Bryan Cranston and Aaron Paul reprised their roles of Walter White and Jesse Pinkman, respectively from Breaking Bad. Cranston previously appeared as a different character in the twenty-third season episode "The Spy Who Learned Me." Wanda Sykes guest starred as a school therapist. George Takei appeared as a sushi chef. Takei previously appeared on the show as different characters.

==Reception==

===Ratings===
The episode received a 1.8 in the 18–49 demographic and was watched by a total of 4.11 million viewers. This made it the third most watched show on Fox's Animation Domination line up that night, beating The Cleveland Show and Bob's Burgers but losing to both American Dad! with 4.23 million and Family Guy with 5.02 million.

===Critical reception===
The episode received mixed reviews from critics.

Robert David Sullivan of The A.V. Club gave the episode a C+, saying "This is a scattershot episode with a lot of pop-culture references but little comic momentum."

Teresa Lopez of TV Fanatic gave the episode three and a half stars out of five, saying "Despite the hilarious sight gags and funny The Simpsons quotes, I felt humor of the episode was undercut by the odd narration. It seemed unnecessary as framing device as it didn't really add anything to the story."

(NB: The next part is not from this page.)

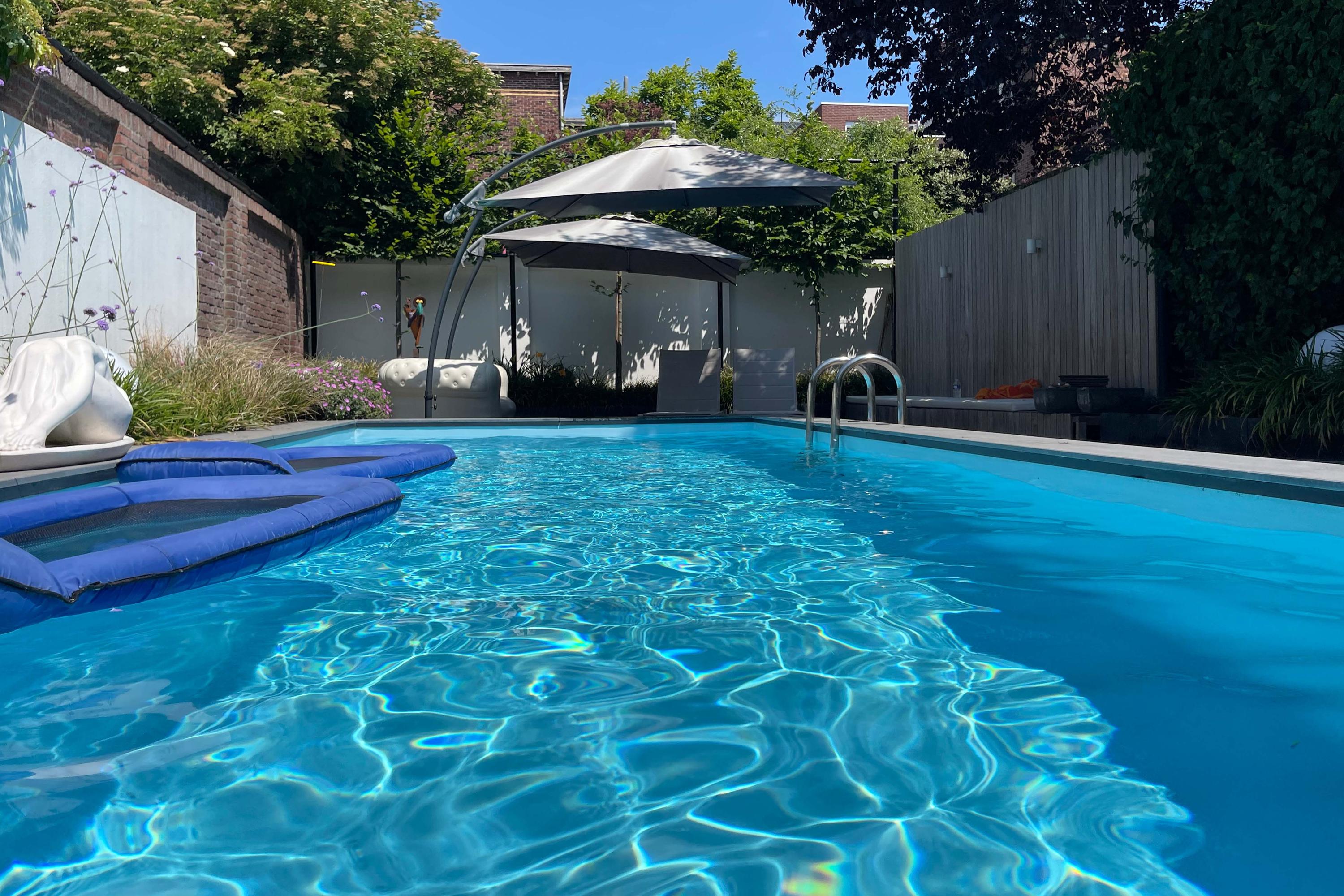 The architect-designed rear garden is wonderfully deep and, thanks to its multiple levels, offers excellent privacy. The garden includes a paved terrace, artificial grass and padauk wooden decking. It is fully walled, ensuring tranquillity despite being just steps away from Venlo’s city centre. The large garden features a heated swimming pool (with heat pump), outdoor electricity points and garden lighting.

Rob H. Dawson of TV Equals said "The sushi restaurant portion of “What Animated Women Want” felt lazy too, mixing together Asian stereotypes and some vague notion of rude fancy restaurants into a less-than-hilarious mess, the only highlight being the alternate universe in which anime pieces of sushi go on an adventure in Santa's Little Helper’s intestines, which I actually liked, one piece of something fun in the middle of an otherwise lackluster The Simpsons."